**Aim of the exercise:** Exact copies of all the lines below are wanted, without a single picture.

**Data extract:**

^^^^

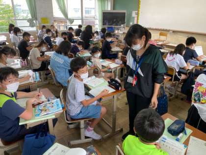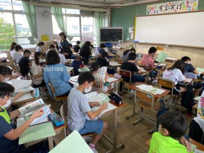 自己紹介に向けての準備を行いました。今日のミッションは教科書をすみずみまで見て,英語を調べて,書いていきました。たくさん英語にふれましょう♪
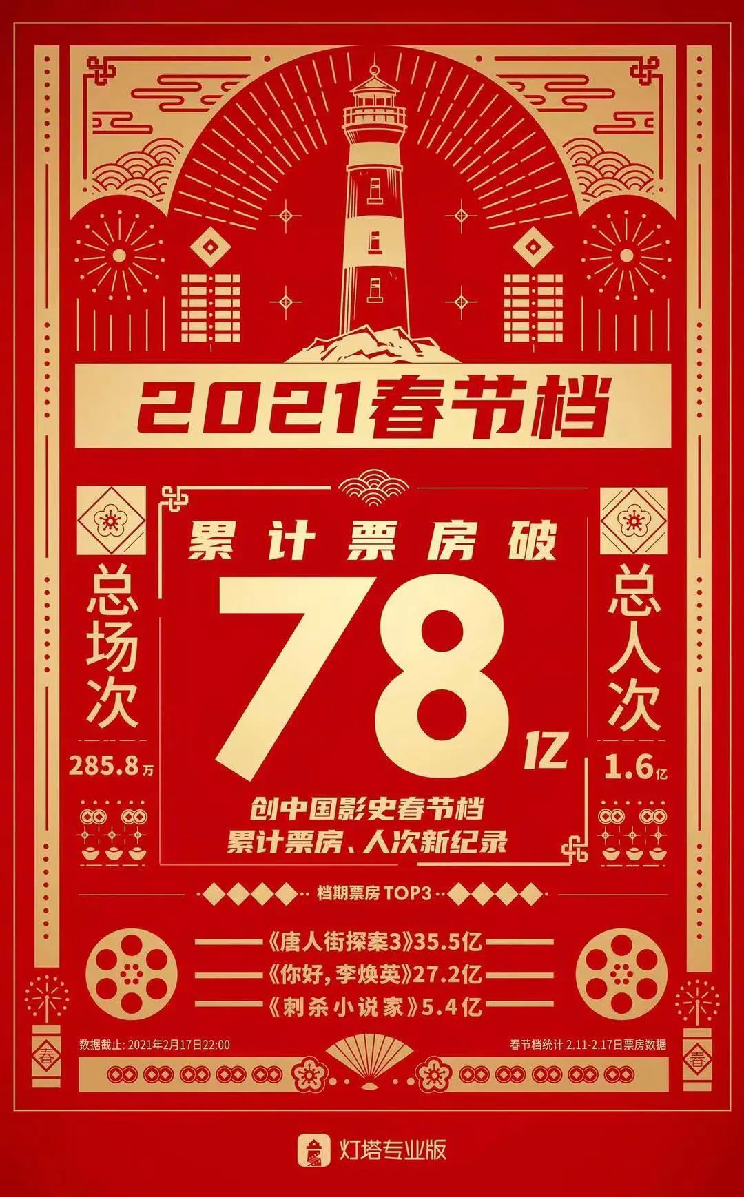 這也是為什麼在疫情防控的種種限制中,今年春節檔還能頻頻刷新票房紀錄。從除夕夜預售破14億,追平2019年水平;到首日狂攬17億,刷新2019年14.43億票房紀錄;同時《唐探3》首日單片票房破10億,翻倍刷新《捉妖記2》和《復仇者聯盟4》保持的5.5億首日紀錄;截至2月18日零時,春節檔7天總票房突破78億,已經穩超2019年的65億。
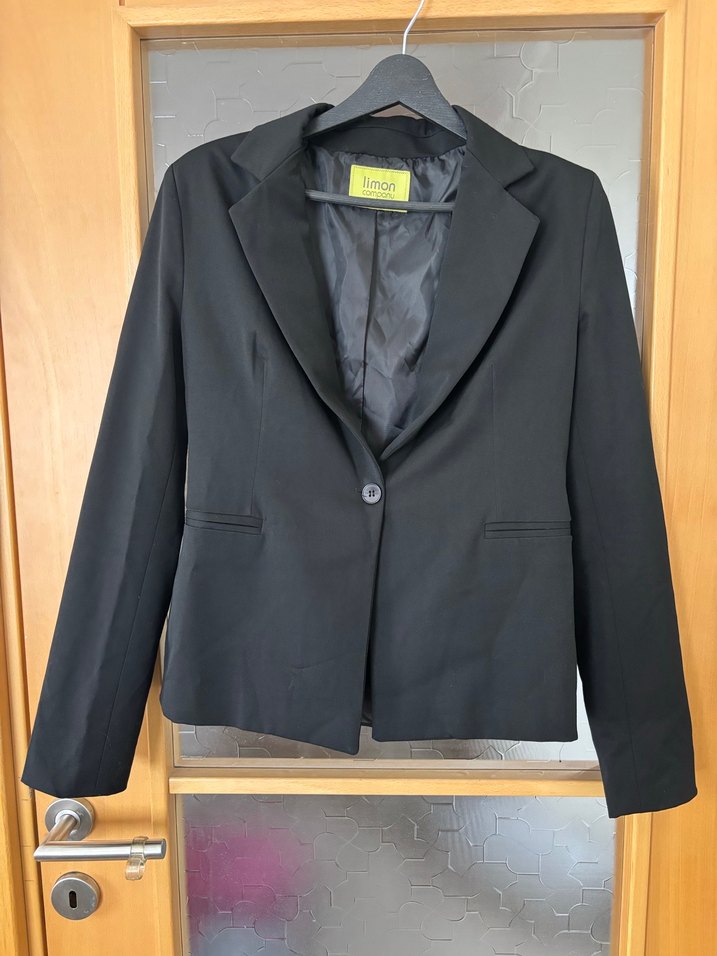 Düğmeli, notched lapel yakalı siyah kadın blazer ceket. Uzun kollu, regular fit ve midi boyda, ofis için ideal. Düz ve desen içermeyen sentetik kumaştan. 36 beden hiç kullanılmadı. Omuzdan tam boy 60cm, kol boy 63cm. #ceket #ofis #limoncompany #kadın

^^^^

**Solved exercise:**
 自己紹介に向けての準備を行いました。今日のミッションは教科書をすみずみまで見て,英語を調べて,書いていきました。たくさん英語にふれましょう♪
 這也是為什麼在疫情防控的種種限制中,今年春節檔還能頻頻刷新票房紀錄。從除夕夜預售破14億,追平2019年水平;到首日狂攬17億,刷新2019年14.43億票房紀錄;同時《唐探3》首日單片票房破10億,翻倍刷新《捉妖記2》和《復仇者聯盟4》保持的5.5億首日紀錄;截至2月18日零時,春節檔7天總票房突破78億,已經穩超2019年的65億。
 Düğmeli, notched lapel yakalı siyah kadın blazer ceket. Uzun kollu, regular fit ve midi boyda, ofis için ideal. Düz ve desen içermeyen sentetik kumaştan. 36 beden hiç kullanılmadı. Omuzdan tam boy 60cm, kol boy 63cm. #ceket #ofis #limoncompany #kadın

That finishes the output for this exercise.